Originally posted by fcrespo hi peterh337, that is impressive. I am too electronics engineer by education, and can follow, to a certain point, your reasoning. Very interesting story of the Nokia case.
The Pentax guys are clever, no doubt. If they have not implemented a firmware fix yet, is because there are likely unacceptable side effects, or simply because it doesn't fix the problem due to reason X that we don't know.
One of the big praises of the K3 is that it is much faster than the K5 (faster processor, screen, GUI, etc). This has a cost in power, and surely we see that battery life is shorter than K5's (24% reduction according to IR review).
According to Fujitsu, new image processor (aka PRIME 3 in Pentax land) requires
less energy than PRIME 2 from K5. Papers say 30% less. New stabilisation unit? Hard to say. Perhaps more than before. New mirror motors? Perhaps more.
But still it says nothing as the issue in question is most likely not related to power depletion. Apparently, it was created with a camera fully connected to DC as well.
Quote: Now, if the K3 power system is flawed or underdesigned, what to do? A major call-back action? A firmware fix to limit camera performace? Not easy.
Callback? You already know all cameras produced are faulty?
Firmware fix? So you already know what is the issue and that it can be solved via firmware update?
Quick answer to both ideas is no. Not so fast in prescribing any cure.
So far, not a single person reporting the issue has offered any viable explanation. Side-effects of the issue, yes, we have heard about them — at least those side-effects visible to users without proper testing equipment. Flapping is visible, sound is audible, but a big iceberg of information below the surface of user's reach, and which is visible to proper testing equipment, is unknown to users.
The root cause is far from being assessed. It is still unknown.
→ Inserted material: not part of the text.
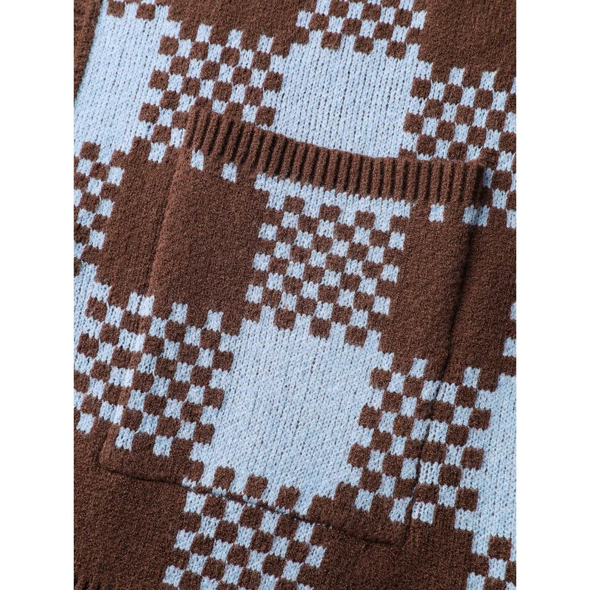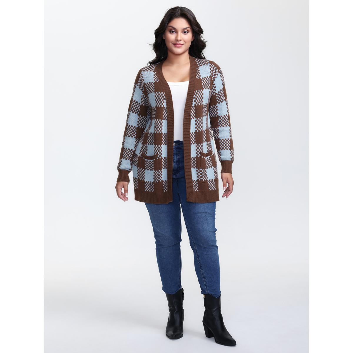 Plus Size Checkered Pattern Pockets Knit Cardigan Browncoffeecolor Women Playful Loose Long Sleeve Casual Cardigans BloomChic 12/L

Thus offering any "solution" or "prescription" is not viable, nor it will solve anything. Again, it is our impulsive nature of forceful problem solving at all cost, using whatever shortcut. Best course of action is document each individual issue, assemble them in a document and send to Ricoh Imaging Japan, asking their opinion and offering user's assistance.
But if you want to kill some time before that, maybe you may move investigation a few good steps forward and get a hi-speed video camera for slow motion analysis, together with a highly sensitive camera for thermal stress analysis. Point in closely at the mirror box and start recording, carefully monitoring what is going on.